According to the SEC’s order, Insight’s limited partnership agreements for certain funds it advised allowed it to charge management fees based on the funds’ invested capital in individual portfolio investments and required Insight to reduce the basis for these fees if Insight determined that one of these portfolio investments had suffered a permanent impairment. The order finds that, from August 2017 through April 2021, Insight charged excess management fees by inaccurately calculating management fees based on aggregated invested capital at the portfolio company level instead of at the individual portfolio investment security level, as required by the applicable limited partnership agreements.

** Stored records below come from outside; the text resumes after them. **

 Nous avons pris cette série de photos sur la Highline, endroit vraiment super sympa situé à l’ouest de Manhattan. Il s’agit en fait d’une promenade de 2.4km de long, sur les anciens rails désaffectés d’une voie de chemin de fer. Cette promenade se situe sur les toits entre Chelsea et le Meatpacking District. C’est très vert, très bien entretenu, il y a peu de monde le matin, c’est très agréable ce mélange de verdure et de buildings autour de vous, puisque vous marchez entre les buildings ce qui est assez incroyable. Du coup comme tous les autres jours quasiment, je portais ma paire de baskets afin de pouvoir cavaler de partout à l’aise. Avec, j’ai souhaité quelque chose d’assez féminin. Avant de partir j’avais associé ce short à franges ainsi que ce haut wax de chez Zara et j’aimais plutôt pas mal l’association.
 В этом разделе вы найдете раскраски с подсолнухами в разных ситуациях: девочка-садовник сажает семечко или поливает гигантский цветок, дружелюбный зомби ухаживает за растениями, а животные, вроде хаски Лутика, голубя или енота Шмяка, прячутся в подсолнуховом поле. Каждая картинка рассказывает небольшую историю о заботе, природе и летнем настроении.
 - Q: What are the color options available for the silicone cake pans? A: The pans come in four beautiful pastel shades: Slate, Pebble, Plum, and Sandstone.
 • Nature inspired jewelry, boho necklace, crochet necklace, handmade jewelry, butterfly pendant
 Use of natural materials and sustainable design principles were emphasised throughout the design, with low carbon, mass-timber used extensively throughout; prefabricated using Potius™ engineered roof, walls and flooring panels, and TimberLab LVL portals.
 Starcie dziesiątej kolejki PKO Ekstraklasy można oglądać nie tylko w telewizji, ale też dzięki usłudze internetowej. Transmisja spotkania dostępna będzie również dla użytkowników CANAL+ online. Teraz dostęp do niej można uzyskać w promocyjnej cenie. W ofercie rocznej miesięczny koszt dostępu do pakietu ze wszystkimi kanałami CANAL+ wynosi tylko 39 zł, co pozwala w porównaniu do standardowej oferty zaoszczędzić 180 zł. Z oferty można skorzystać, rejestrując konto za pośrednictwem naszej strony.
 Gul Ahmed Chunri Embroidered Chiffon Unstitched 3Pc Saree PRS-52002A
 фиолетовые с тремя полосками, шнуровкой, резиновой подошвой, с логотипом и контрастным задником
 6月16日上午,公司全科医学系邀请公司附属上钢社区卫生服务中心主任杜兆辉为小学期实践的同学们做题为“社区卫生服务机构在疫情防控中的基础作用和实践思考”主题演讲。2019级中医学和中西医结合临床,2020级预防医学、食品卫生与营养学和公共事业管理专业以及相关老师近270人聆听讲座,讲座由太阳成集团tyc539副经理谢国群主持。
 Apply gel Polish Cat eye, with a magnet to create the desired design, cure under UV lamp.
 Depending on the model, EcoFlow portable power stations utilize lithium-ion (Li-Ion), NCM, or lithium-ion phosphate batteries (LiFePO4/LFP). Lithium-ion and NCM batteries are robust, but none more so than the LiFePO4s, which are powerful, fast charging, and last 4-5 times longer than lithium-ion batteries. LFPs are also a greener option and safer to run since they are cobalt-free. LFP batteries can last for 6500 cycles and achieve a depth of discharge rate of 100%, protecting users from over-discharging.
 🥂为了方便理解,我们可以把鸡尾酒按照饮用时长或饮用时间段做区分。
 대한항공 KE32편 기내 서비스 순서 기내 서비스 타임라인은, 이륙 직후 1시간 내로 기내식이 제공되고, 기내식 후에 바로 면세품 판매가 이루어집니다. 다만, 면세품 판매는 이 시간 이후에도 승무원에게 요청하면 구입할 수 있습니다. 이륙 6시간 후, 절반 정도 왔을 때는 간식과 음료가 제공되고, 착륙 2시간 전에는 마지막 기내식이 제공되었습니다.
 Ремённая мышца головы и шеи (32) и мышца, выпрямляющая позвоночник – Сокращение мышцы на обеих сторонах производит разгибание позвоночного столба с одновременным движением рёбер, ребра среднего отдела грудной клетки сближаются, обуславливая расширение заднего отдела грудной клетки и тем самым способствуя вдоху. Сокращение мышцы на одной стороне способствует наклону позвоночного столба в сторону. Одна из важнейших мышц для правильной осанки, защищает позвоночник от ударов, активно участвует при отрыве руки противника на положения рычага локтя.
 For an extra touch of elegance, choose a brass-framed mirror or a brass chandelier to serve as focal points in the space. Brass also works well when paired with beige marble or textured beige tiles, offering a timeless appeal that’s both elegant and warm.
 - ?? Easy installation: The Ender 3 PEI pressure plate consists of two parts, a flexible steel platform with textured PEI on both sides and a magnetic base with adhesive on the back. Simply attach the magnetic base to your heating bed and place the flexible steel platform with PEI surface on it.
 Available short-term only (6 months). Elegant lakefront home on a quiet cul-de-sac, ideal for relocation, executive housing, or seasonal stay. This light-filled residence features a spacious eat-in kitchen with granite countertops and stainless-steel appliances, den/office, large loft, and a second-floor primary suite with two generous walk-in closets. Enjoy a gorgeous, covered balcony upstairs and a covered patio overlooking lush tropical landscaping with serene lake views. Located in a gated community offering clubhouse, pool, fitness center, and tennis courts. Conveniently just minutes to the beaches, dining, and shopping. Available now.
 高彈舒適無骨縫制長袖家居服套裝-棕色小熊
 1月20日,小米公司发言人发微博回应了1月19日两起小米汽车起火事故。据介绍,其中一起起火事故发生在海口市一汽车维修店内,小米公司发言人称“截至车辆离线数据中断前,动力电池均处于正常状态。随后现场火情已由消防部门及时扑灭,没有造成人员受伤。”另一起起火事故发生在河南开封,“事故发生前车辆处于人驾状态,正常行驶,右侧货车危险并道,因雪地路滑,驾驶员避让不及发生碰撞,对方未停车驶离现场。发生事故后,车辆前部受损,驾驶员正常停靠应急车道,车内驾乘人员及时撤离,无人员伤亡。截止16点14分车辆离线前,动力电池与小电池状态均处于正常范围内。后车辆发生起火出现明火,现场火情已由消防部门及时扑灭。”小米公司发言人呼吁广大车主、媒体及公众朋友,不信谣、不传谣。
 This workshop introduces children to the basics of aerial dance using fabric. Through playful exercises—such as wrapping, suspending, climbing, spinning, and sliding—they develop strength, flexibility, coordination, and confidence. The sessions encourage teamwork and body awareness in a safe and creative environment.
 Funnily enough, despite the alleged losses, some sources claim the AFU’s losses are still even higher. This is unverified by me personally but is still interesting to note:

Further, the SEC’s order finds that Insight failed to disclose to investors a conflict of interest in connection with its permanent impairment criteria. Because Insight did not disclose its permanent impairment criteria, investors were unaware that the criteria Insight used were narrow and subjective, making them difficult to satisfy.  Therefore, the order finds that Insight’s investors were unaware that Insight’s permanent impairment criteria granted Insight significant latitude to determine whether an asset would be considered permanently impaired so as to reduce the basis used to calculate Insight’s management fees.

Without admitting or denying the SEC’s allegations, the fund advisor consented to an order finding that it had violated Sections 206(2) and 206(4) of the Investment Advisers Act of 1940 and Rules 206(4)-7 and 206(4)-8 thereunder. It also agreed to a cease-and-desist order and censure and to pay a $1.5 million penalty and $864,958 in disgorgement and prejudgment interest.

A recent Weil blog on the enforcement action offers some recommendations to PE fund advisors to avoid finding themselves in a similar situation:

In response to this enforcement action, advisers should (i) review, and carefully adhere to, (a) any implemented impairment or write-down policies, especially with respect to fee reduction practices, and (b) the relevant provisions set forth in their fund documentation, including any distinctions between “investments” and “portfolio companies” and any interplay with write-downs and, if applicable, (ii) disclose to investors (a) all relevant criteria used in the impairment analysis and (b) the fact that the adviser has a conflict of interest in applying any subjective impairment criteria, as an impairment may reduce management fees and/or impact a fund’s carried interest waterfall.